With the addition of 10 more people and the company culture, Krause now figures he has the capability to enter the retail market with his Feta.

“Right now we’re mostly foodservice. About 99 percent foodservice. We’re one of the largest foodservice Feta sellers in southern California. We’re up to three semi loads a week,” Krause said. “But we really want to move into the retail market.”
Krause will again be marketing his cheese for the retail industry in the Southwest parts of the United States.

“There is so much competition in Wisconsin and the Northeast, New York, we’re going to try and focus on our little corner of the world.”

Krause will soon buy some property down the street from the cheese plant.
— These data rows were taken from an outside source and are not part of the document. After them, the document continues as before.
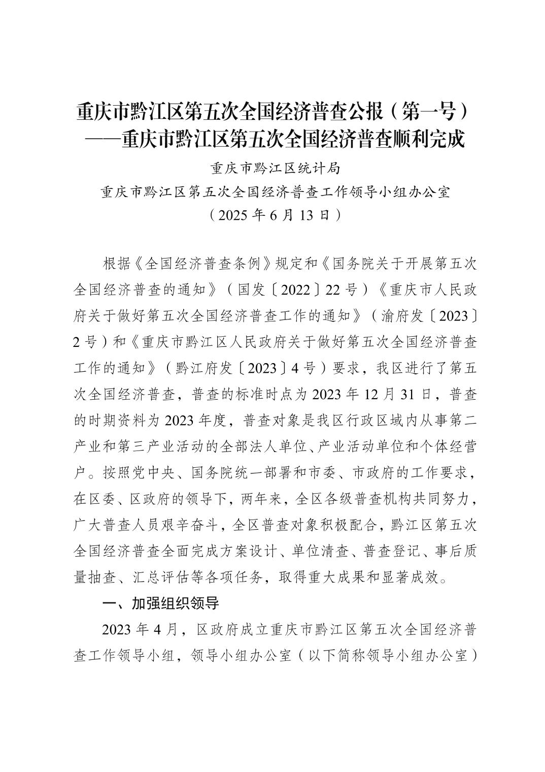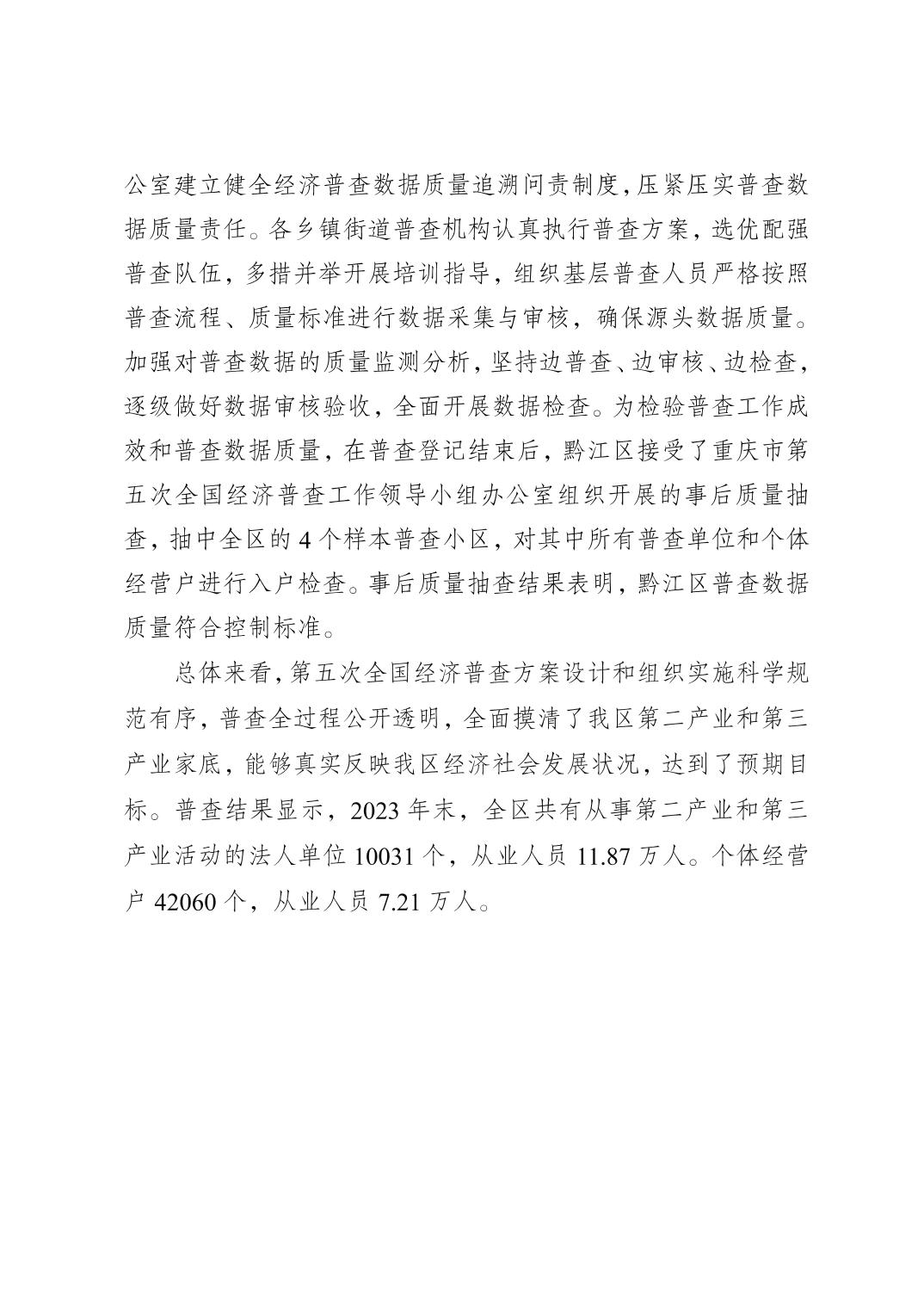 重慶市黔江區第五次全國經濟普查公報(第一號)">
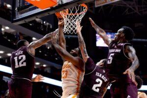 Both teams missed many shots. The Vols finished at 37.3 percent, the Aggies 36.4. Tennessee endured 19 turnovers. The Aggies had 20. They made 13 threes. Rebounding domination (59-33) saved the game for the Vols. Eight of 10 free throws made a wonderful difference in the extra periods.
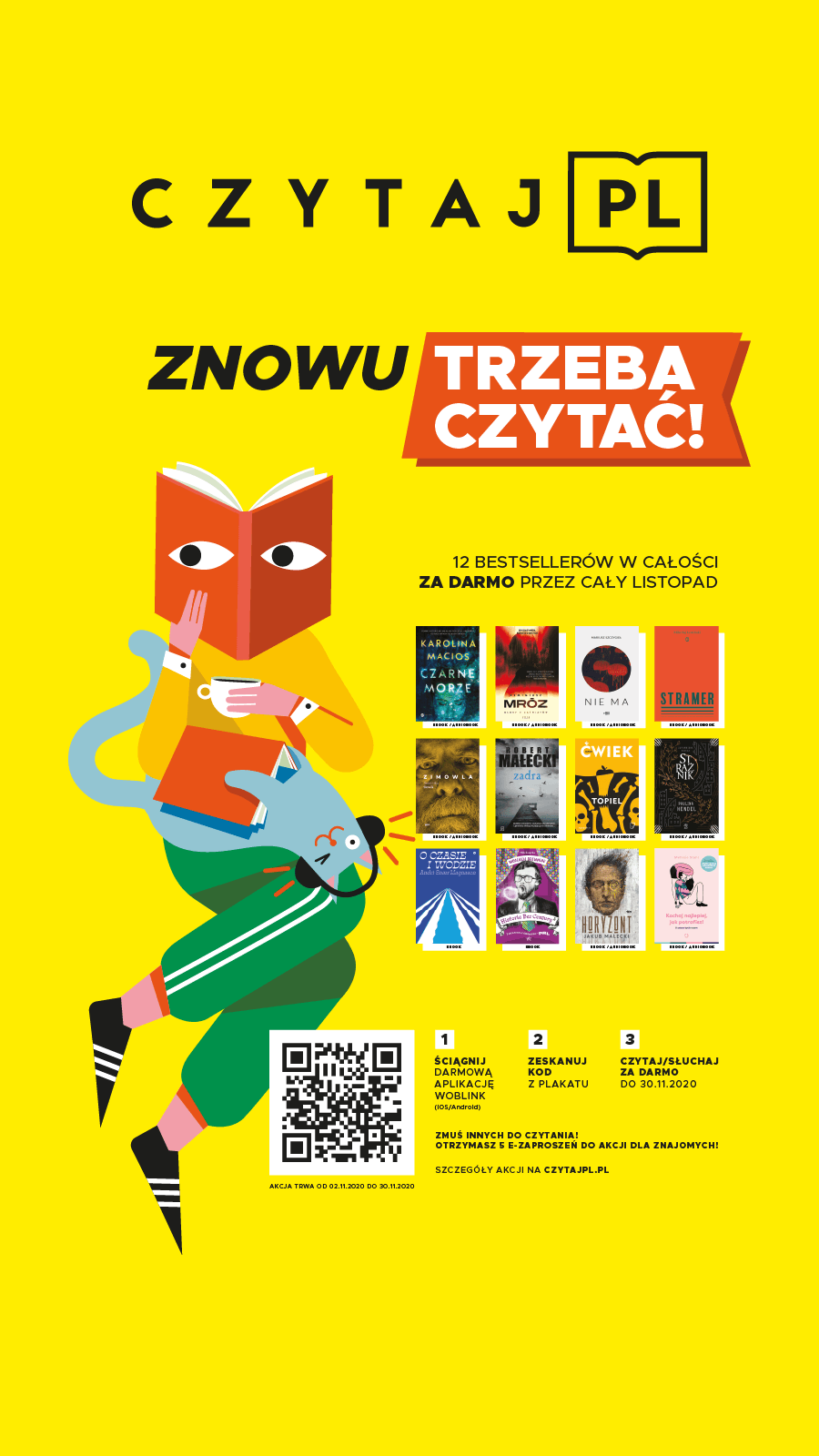 Zapraszamy do wzięcia udziału w największej w Polsce i na świecie tego rodzaju akcji czytelniczej. Czytaj PL powraca i jak co roku ma zamiar mocno zamieszać w czytelniczych statystykach! Selekcja świetnych książek do czytania i do słuchania - w pełni za darmo, do końca listopada. Wystarczy, że pobierzecie aplikację Woblink, zeskanujecie kod QR na stronie https://czytajpl.pl/ i już jesteście u celu. Sami widzicie, nie ma wymówki od czytania.

“We’re short of space. We’re adding 30,000 square feet of warehouse with more coolers and packaging and distribution,” Krause said.

The new packaging area will house what Krause says is the fastest growing part of his cheese business.

“Right now we’re mostly foodservice. We’re one of the largest foodservice Feta sellers in southern California. But we really want to move into retail...”
Chuck Krause

“The crumble Feta is big and it’s growing. We have plans to do more of that.”

Besides the standard Feta cheese, the company started making no-fat Feta.

“To get some new business we started making a zero percent fat. Again, sales are growing. We don’t promote it because we don’t have the capacity. We are going to have a better, bigger facility where we can make more cheese and increase sales.”

Krause’s foodservice business consists of 28-pound pails down to 10-ounce packages.

“We don’t have much for retail, right now, but we’re in the process of it.”
Krause is still about a year out before he can crank up production. But he’s a bit anxious to get going.

“We started with nothing. No one thought I was going to make it,” Krause said. “No one was going to borrow me any money. Now look at us.”